AIM OF THE EXERCISE
All entries should be copied exactly; the pictures stay out.

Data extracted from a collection
● ● ● ●

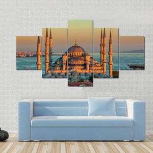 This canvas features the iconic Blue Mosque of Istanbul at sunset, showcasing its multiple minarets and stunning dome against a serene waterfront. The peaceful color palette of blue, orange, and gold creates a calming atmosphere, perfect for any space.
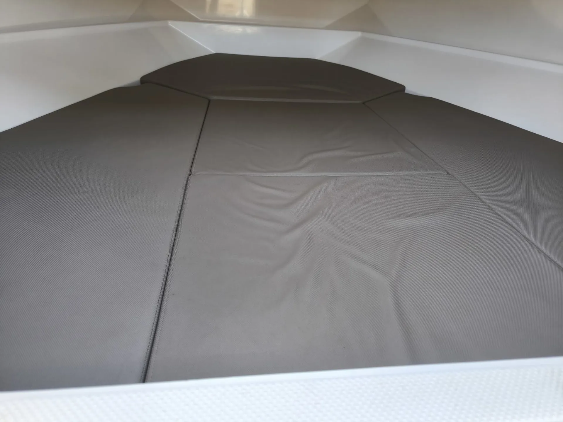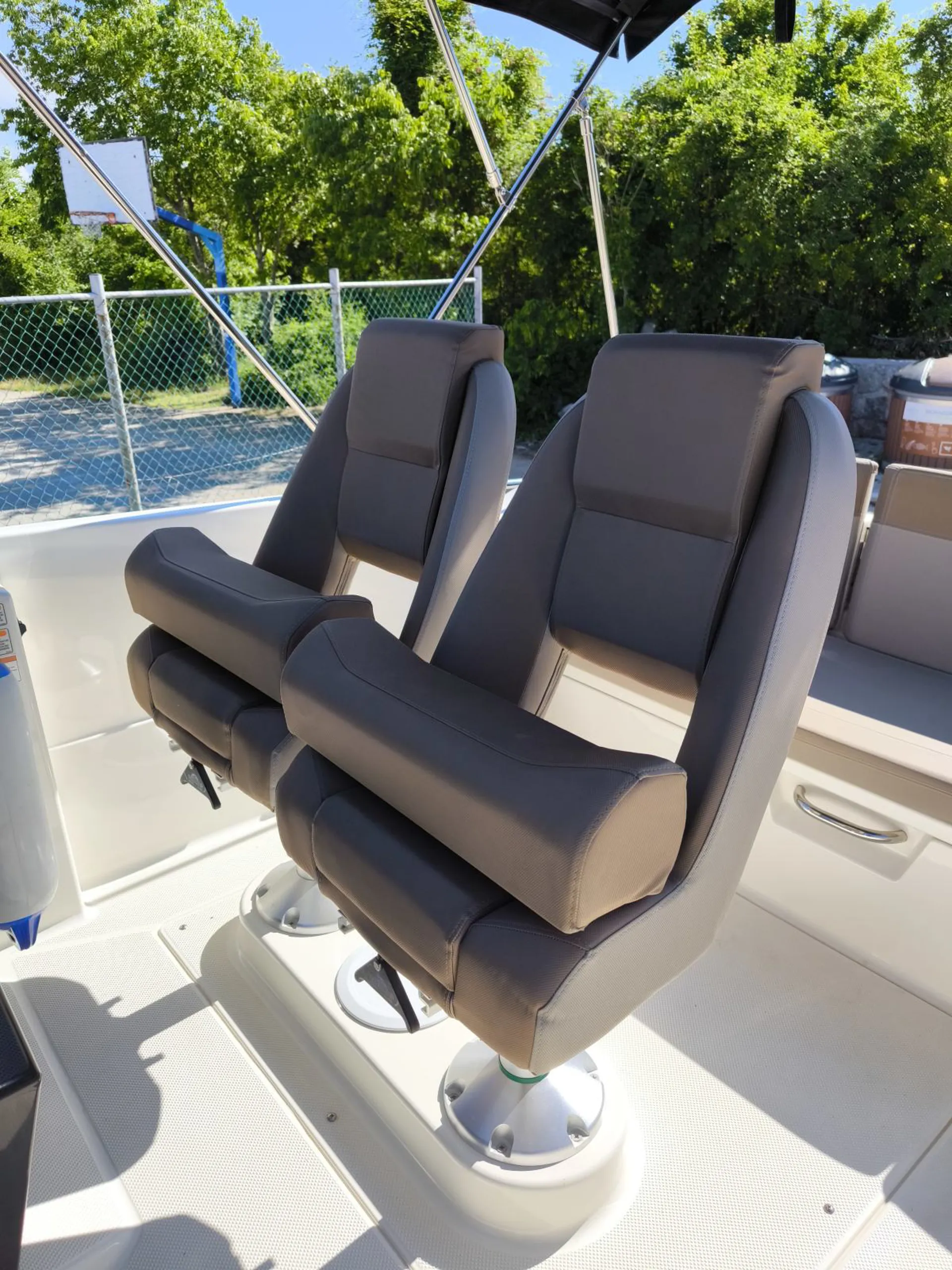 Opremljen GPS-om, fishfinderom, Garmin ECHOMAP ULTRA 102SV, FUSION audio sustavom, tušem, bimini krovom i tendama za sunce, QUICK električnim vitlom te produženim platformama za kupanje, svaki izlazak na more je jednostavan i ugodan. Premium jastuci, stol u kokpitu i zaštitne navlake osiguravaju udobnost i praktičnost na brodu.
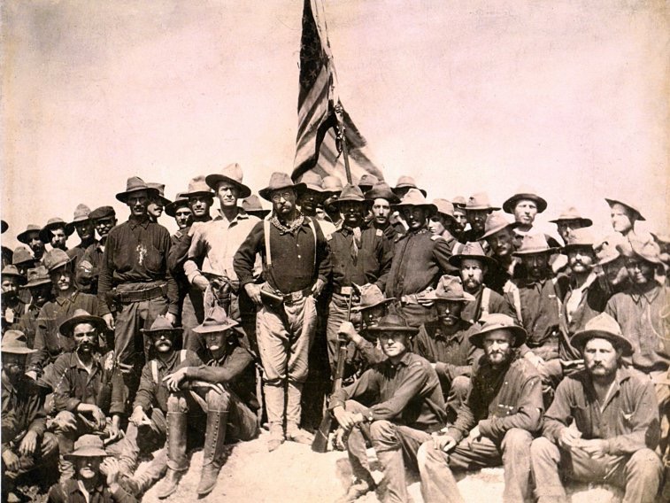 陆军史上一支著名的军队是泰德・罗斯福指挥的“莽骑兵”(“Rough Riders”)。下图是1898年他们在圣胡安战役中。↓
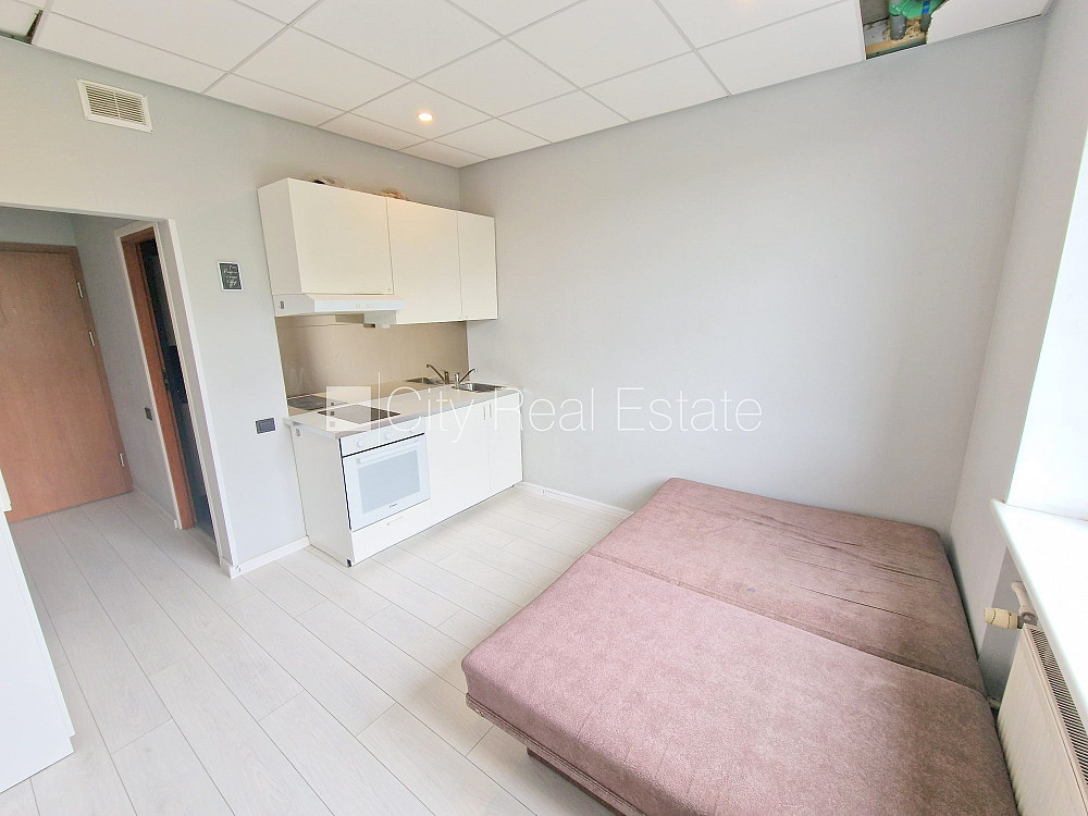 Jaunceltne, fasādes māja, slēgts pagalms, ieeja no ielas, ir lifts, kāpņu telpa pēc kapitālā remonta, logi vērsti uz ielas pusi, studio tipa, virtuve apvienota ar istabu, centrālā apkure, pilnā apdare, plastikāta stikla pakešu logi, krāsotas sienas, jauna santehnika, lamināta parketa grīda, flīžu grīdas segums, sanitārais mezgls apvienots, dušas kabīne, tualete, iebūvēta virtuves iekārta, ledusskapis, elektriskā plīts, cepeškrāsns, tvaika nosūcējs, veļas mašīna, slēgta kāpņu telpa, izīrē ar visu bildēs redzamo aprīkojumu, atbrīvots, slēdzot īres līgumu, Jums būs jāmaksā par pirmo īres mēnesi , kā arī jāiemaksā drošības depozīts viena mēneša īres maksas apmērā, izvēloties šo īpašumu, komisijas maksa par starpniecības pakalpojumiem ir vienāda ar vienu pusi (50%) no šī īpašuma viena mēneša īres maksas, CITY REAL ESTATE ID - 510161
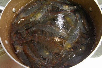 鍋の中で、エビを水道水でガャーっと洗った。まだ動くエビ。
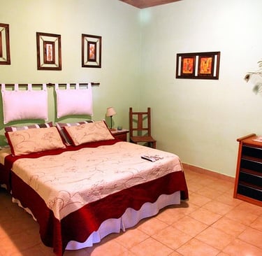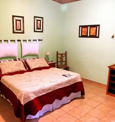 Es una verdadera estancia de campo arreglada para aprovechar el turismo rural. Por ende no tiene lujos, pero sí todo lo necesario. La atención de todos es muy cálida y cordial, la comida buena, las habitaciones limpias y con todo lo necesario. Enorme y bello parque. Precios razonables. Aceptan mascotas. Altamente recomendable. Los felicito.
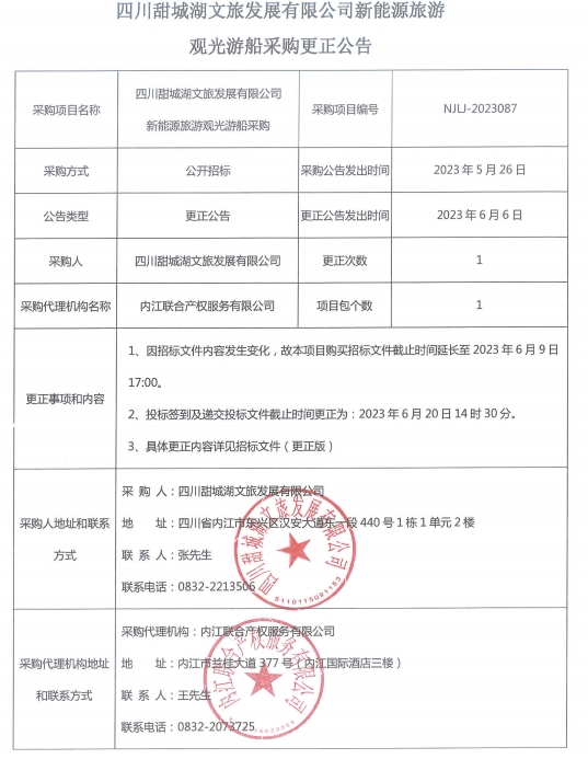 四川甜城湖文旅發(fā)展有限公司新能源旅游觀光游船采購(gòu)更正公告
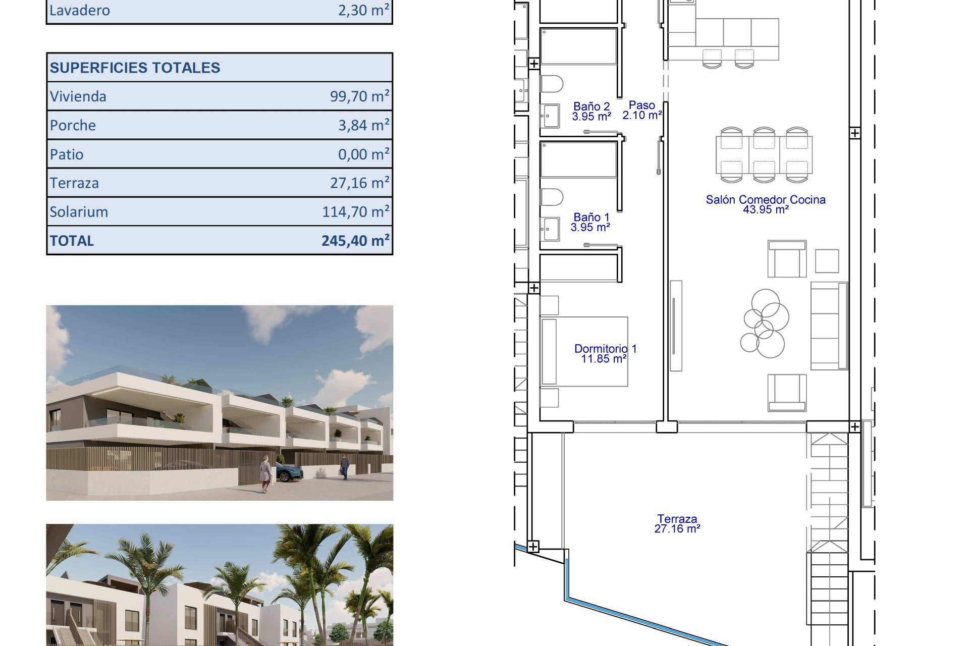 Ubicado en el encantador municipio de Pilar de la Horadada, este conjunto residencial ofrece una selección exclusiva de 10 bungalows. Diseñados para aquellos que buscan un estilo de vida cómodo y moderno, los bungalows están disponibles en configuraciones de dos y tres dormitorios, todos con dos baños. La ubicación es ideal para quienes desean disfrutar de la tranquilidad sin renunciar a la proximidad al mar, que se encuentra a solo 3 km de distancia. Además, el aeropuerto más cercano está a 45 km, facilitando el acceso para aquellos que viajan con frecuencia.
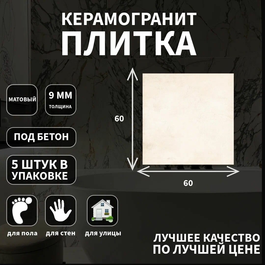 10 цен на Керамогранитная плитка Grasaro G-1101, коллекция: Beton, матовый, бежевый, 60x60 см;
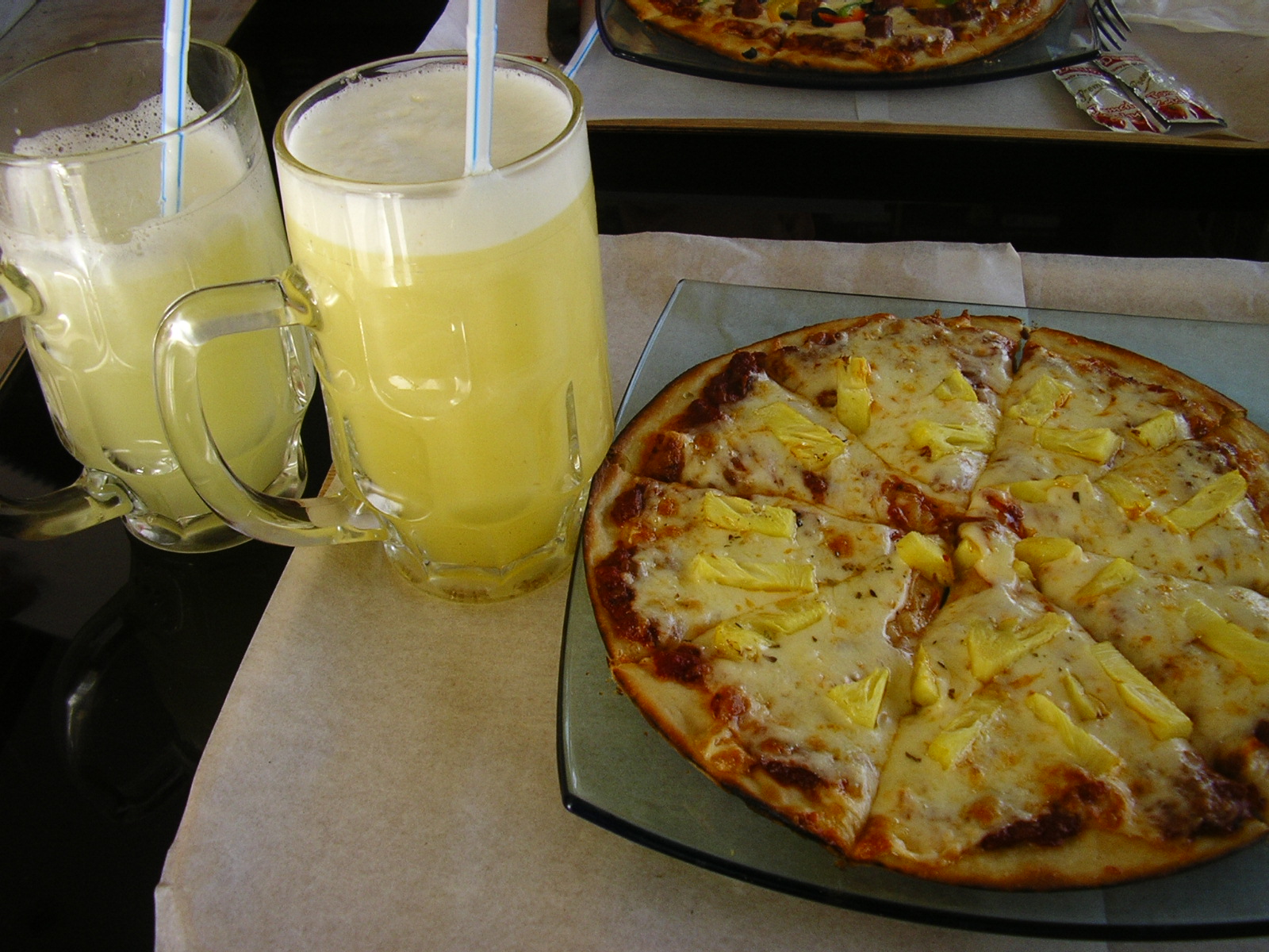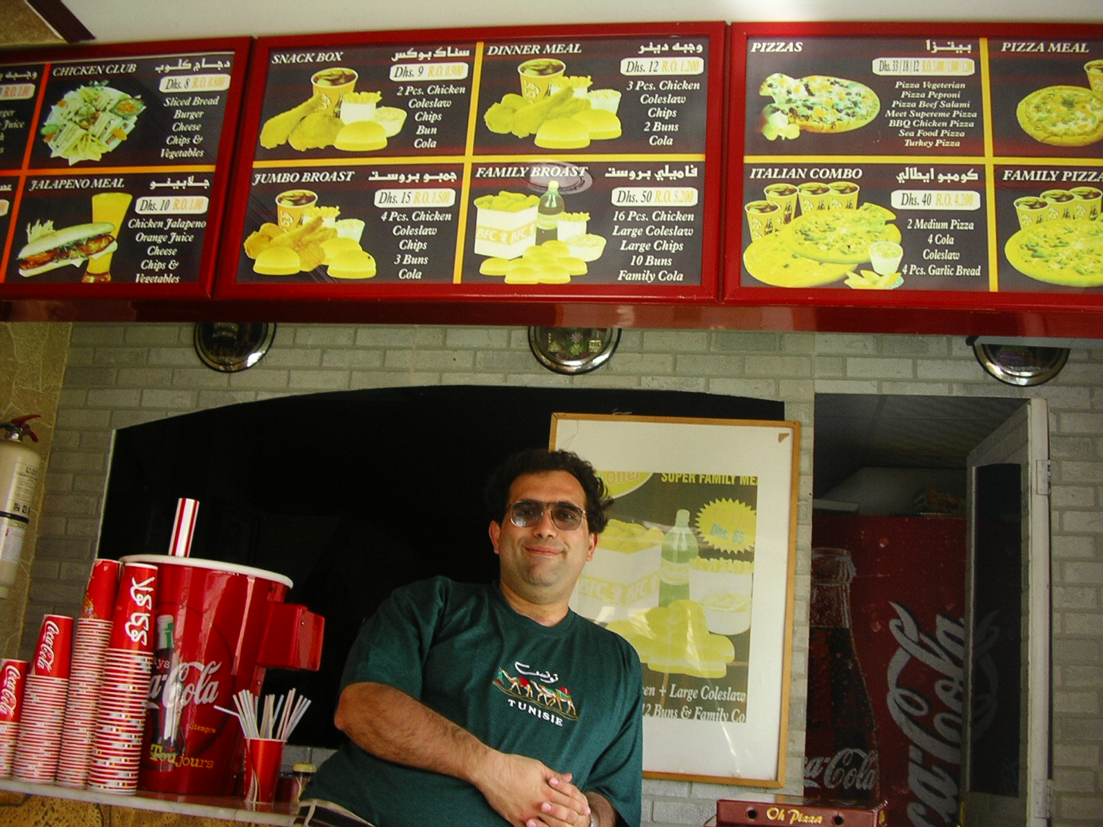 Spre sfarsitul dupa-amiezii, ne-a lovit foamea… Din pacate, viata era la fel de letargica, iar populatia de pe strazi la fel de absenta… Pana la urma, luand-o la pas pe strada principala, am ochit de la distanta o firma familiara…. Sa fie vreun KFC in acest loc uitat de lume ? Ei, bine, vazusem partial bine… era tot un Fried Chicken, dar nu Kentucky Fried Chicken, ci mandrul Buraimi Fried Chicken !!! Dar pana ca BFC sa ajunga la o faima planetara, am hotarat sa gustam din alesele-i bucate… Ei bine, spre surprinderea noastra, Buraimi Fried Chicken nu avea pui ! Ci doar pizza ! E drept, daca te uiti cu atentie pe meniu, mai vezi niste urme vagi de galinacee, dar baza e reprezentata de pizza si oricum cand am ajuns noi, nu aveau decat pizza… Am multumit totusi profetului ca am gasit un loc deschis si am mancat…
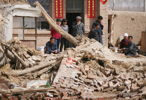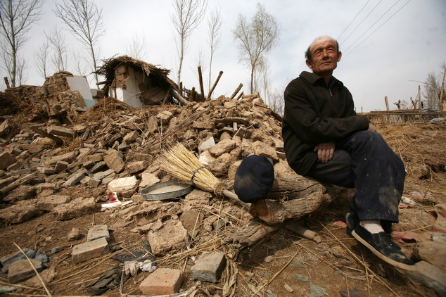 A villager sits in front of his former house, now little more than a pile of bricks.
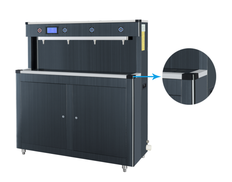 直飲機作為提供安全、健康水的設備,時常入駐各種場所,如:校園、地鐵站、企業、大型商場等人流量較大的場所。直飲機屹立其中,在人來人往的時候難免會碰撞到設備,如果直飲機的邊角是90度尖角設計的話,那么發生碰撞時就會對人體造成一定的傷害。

● ● ● ●

EXERCISE SOLUTION
 This canvas features the iconic Blue Mosque of Istanbul at sunset, showcasing its multiple minarets and stunning dome against a serene waterfront. The peaceful color palette of blue, orange, and gold creates a calming atmosphere, perfect for any space.
 Opremljen GPS-om, fishfinderom, Garmin ECHOMAP ULTRA 102SV, FUSION audio sustavom, tušem, bimini krovom i tendama za sunce, QUICK električnim vitlom te produženim platformama za kupanje, svaki izlazak na more je jednostavan i ugodan. Premium jastuci, stol u kokpitu i zaštitne navlake osiguravaju udobnost i praktičnost na brodu.
 陆军史上一支著名的军队是泰德・罗斯福指挥的“莽骑兵”(“Rough Riders”)。下图是1898年他们在圣胡安战役中。↓
 Jaunceltne, fasādes māja, slēgts pagalms, ieeja no ielas, ir lifts, kāpņu telpa pēc kapitālā remonta, logi vērsti uz ielas pusi, studio tipa, virtuve apvienota ar istabu, centrālā apkure, pilnā apdare, plastikāta stikla pakešu logi, krāsotas sienas, jauna santehnika, lamināta parketa grīda, flīžu grīdas segums, sanitārais mezgls apvienots, dušas kabīne, tualete, iebūvēta virtuves iekārta, ledusskapis, elektriskā plīts, cepeškrāsns, tvaika nosūcējs, veļas mašīna, slēgta kāpņu telpa, izīrē ar visu bildēs redzamo aprīkojumu, atbrīvots, slēdzot īres līgumu, Jums būs jāmaksā par pirmo īres mēnesi , kā arī jāiemaksā drošības depozīts viena mēneša īres maksas apmērā, izvēloties šo īpašumu, komisijas maksa par starpniecības pakalpojumiem ir vienāda ar vienu pusi (50%) no šī īpašuma viena mēneša īres maksas, CITY REAL ESTATE ID - 510161
 鍋の中で、エビを水道水でガャーっと洗った。まだ動くエビ。
 Es una verdadera estancia de campo arreglada para aprovechar el turismo rural. Por ende no tiene lujos, pero sí todo lo necesario. La atención de todos es muy cálida y cordial, la comida buena, las habitaciones limpias y con todo lo necesario. Enorme y bello parque. Precios razonables. Aceptan mascotas. Altamente recomendable. Los felicito.
 四川甜城湖文旅發(fā)展有限公司新能源旅游觀光游船采購(gòu)更正公告
 Ubicado en el encantador municipio de Pilar de la Horadada, este conjunto residencial ofrece una selección exclusiva de 10 bungalows. Diseñados para aquellos que buscan un estilo de vida cómodo y moderno, los bungalows están disponibles en configuraciones de dos y tres dormitorios, todos con dos baños. La ubicación es ideal para quienes desean disfrutar de la tranquilidad sin renunciar a la proximidad al mar, que se encuentra a solo 3 km de distancia. Además, el aeropuerto más cercano está a 45 km, facilitando el acceso para aquellos que viajan con frecuencia.
 10 цен на Керамогранитная плитка Grasaro G-1101, коллекция: Beton, матовый, бежевый, 60x60 см;
 Spre sfarsitul dupa-amiezii, ne-a lovit foamea… Din pacate, viata era la fel de letargica, iar populatia de pe strazi la fel de absenta… Pana la urma, luand-o la pas pe strada principala, am ochit de la distanta o firma familiara…. Sa fie vreun KFC in acest loc uitat de lume ? Ei, bine, vazusem partial bine… era tot un Fried Chicken, dar nu Kentucky Fried Chicken, ci mandrul Buraimi Fried Chicken !!! Dar pana ca BFC sa ajunga la o faima planetara, am hotarat sa gustam din alesele-i bucate… Ei bine, spre surprinderea noastra, Buraimi Fried Chicken nu avea pui ! Ci doar pizza ! E drept, daca te uiti cu atentie pe meniu, mai vezi niste urme vagi de galinacee, dar baza e reprezentata de pizza si oricum cand am ajuns noi, nu aveau decat pizza… Am multumit totusi profetului ca am gasit un loc deschis si am mancat…
 A villager sits in front of his former house, now little more than a pile of bricks.
 直飲機作為提供安全、健康水的設備,時常入駐各種場所,如:校園、地鐵站、企業、大型商場等人流量較大的場所。直飲機屹立其中,在人來人往的時候難免會碰撞到設備,如果直飲機的邊角是90度尖角設計的話,那么發生碰撞時就會對人體造成一定的傷害。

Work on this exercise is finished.